The training and evaluation processes must balance multiple competing objectives, including statistical validity, computational efficiency, and business relevance. The strategy for splitting the training data includes random partitioning, as well as temporal splits for time-series data, stratified sampling for imbalanced classes, and grouped splits for hierarchical data structures. Each of these strategies preserves different aspects of the data-generating process. Designing the objective function is an important step in translating business goals into mathematical optimization.

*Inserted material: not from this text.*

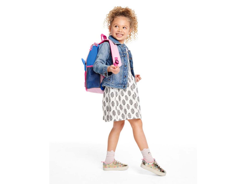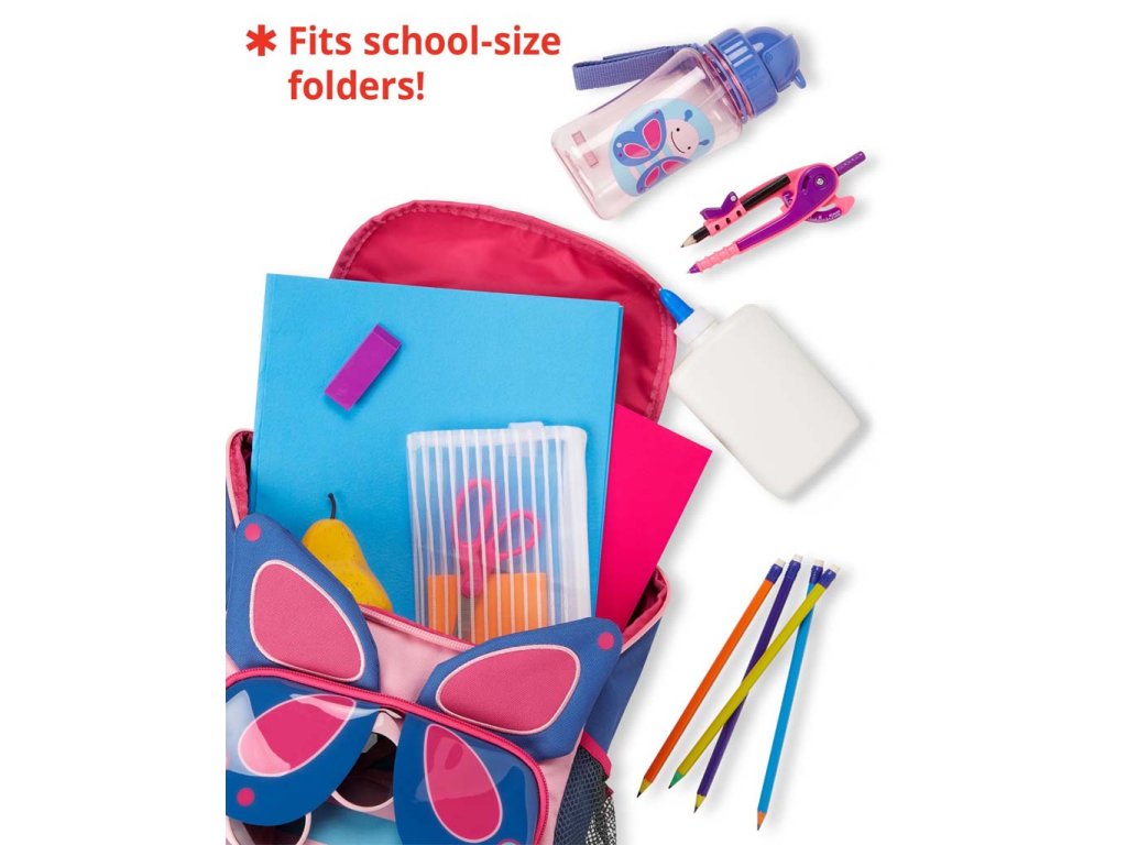 Krásny batoh s motívom motýľa. Veľkosť presne pre školské učebnice a zošity, písacie potreby, tašku na desiatu a iné pomôcky. Roztomilý batoh pre veľké deti sa hodí na všetko potrebné, čo vaše dieťa potrebuje v triede i mimo nej. Vďaka širokému a ľahko prístupnému otvoru a priehľadnému prednému vrecku je možné zabaliť a mať na dosah potrebné veci, zatiaľ čo sieťované vrecko na fľašu zabezpečí, aby boli nápoje po ruke.Vlastnosti:

Surrogate losses approximate true business metrics while maintaining differentiability and computational tractability [43]. Modern evaluation frameworks emphasize robustness across multiple dimensions, such as performance stability across data subgroups (slice-based evaluation), degradation under distribution shift (stress testing), and consistency across random seeds (variance analysis).
Performance optimization operates within the constraint triangle of model capacity, training data, and computational resources. Improvements in one area often require sacrifices in the others. Error analysis has evolved from merely inspecting a confusion matrix to using sophisticated frameworks such as error analysis loops and counterfactual debugging. These frameworks systematically probe model failures to identify fixable patterns [44]. The bias-variance decomposition theory provides a foundation for optimization strategies, such as addressing high bias by increasing model capacity or feature engineering and combating high variance by using regularization, data augmentation, or ensemble methods [45]. Hyperparameter optimization has advanced from grid search to Bayesian optimization methods that model the response surface. Recent multi-fidelity optimization advances have dramatically reduced computational costs [46].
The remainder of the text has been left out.